As they got going again we started but immediately noticed a change in the engine note and very soon the “chuff” had returned and quickly we began to loose power, our nemesis was back and this time it was not going to allow us much leeway. After a mile or so we were approaching a police car and as we slowed the engine cut and we came to an involuntary stop beside two policemen examining car papers.
We drove the car on the starter motor to the hard shoulder and got out to examine the damage. One of the policemen came to say hello and as I took the radiator cap off, the lack of water in the header tank spelt end of play for the day. I suggested to the policeman that we would need a truck to take us to Iquique and he promptly used his mobile to call someone, who he said would be with us in twenty minutes. We then began a slightly bizarre sequence given the unlikely circumstances. Ignacio, the policeman, introduced himself, sent his colleague across to their car to fetch sun-cream for our bare arms, showed us pictures of his grandchildren, called a friend who showed up ten minutes later to witness the spectacle, radiod ahead to the next check point to ask that the other cars be stopped and informed of our mishap and then organised a photoshoot with himself, his reluctant junior assistant, his mate and finally the truck driver who arrived and very efficiently put Bertie up on the sliding bed. More photos were taken, we were arranged with different people and finally Ignacio, his arm around Amanda, the whole army of massed people were snapped by his very grumpy assistant. As I went to shake Ignacio’s hand and thank him for his help, he grasped me in a friendly bear hug and then kissed Amanda goodbye.
The truck driver had been a Tuna fisherman in the south of the US and spoke some english, so I explained the problem and that I would need the services of a machine shop if he knew of one. After about ten miles we saw the chummy beside the road, where it turned out the others had stopped at a beach-side Cabana site. The driver skillfully dropped the car by the cabin and offered to wait while I removed the head and he would deliver us and the head to the machine shop. The head was off in about 15 minutes and River and I went with the truck into Iquique. The shop turned out to be a veritable cave of machinery and engine parts and from it emerged three engineers who immediately understood the problem, produced a straight edge and feeler gauges and declared the head to be 0.8m out of true in the centre. It was by now 17.00 and they reasonably offered to have it done by 08.00 the following morning but our driver was adamant that we needed to have it today and so it was agreed that it would be ready by 18.30 that evening.

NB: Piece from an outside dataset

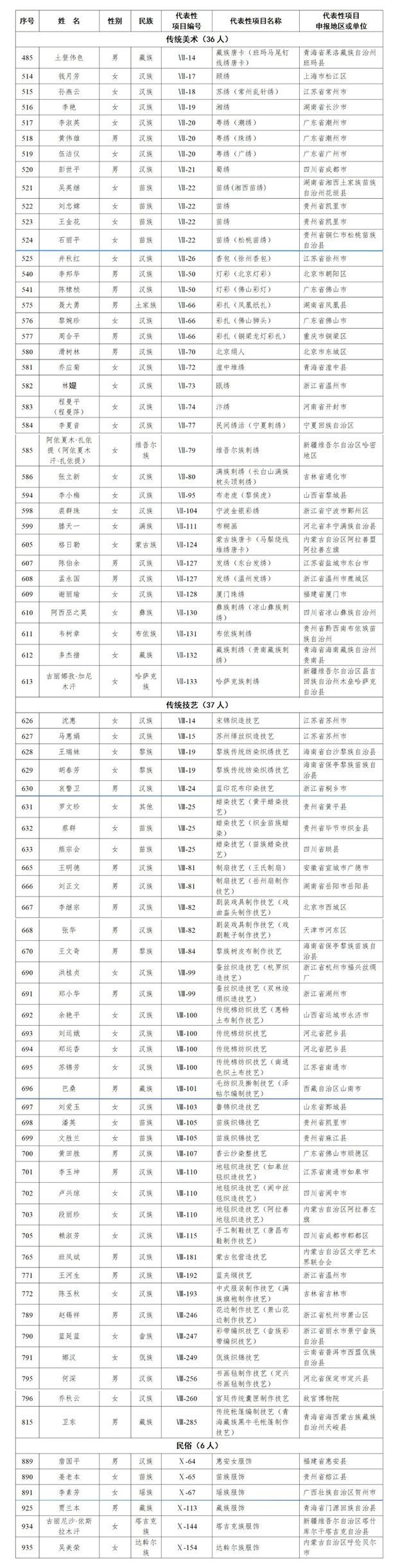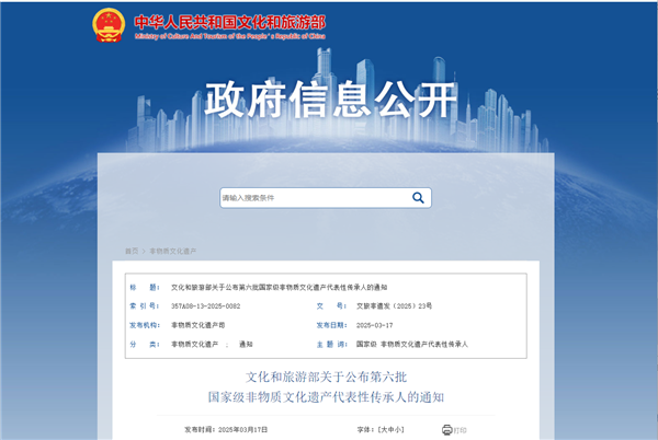 据了解,近年来,各地高度重视非物质文化遗产代表性传承人队伍建设,涌现出一大批德艺双馨、技艺精湛,在非物质文化遗产保护传承中发挥重要作用的典型代表。为加强非物质文化遗产传承人队伍建设,进一步提升非物质文化遗产系统性保护能力水平,保护和传承好非物质文化遗产,文化和旅游部组织开展第六批国家级非物质文化遗产代表性传承人认定工作。经推荐申报、材料复核、专家初评、社会公示、评审委员会审议等程序,确定了第六批国家级非物质文化遗产代表性传承人名单。

Roberto offered to drop us at a supermarket in town and we parted with many thanks for his considerable help and kindness. River and I shopped for supper and Diana’s birthday on the following day and returned to the machine shop to collect the finished head. With our shopping and the beautifully-finished head we returned to the cabanas and Stan kindly offered to help get the engine back together. By sunset it was done and I was in time to enjoy the sun sinking into the ocean from the veranda of our cabin, G&T in grubby hand. Yet more “trail magic” had been experienced and the total cost of truck, machining and return taxi being less than £70, plus we had enjoyed a very convivial hour or so with Ignacio.
Later that evening a local driver guide, Roberto, came by at about 22.30 and Diana, River Amanda and I booked a tour to Humberstone to visit the abandoned town and Nitrate works. During the evening Diana had been talking to Vince Leek and emailing about the gearbox problem which had now become a very real worry. the noise was getting worse and it had been difficult to engage second during the day.
For some, a happy conclusion to the day, albeit with an underlying concern about future reliability, for others ongoing concerns and as yet unresolved technical issues.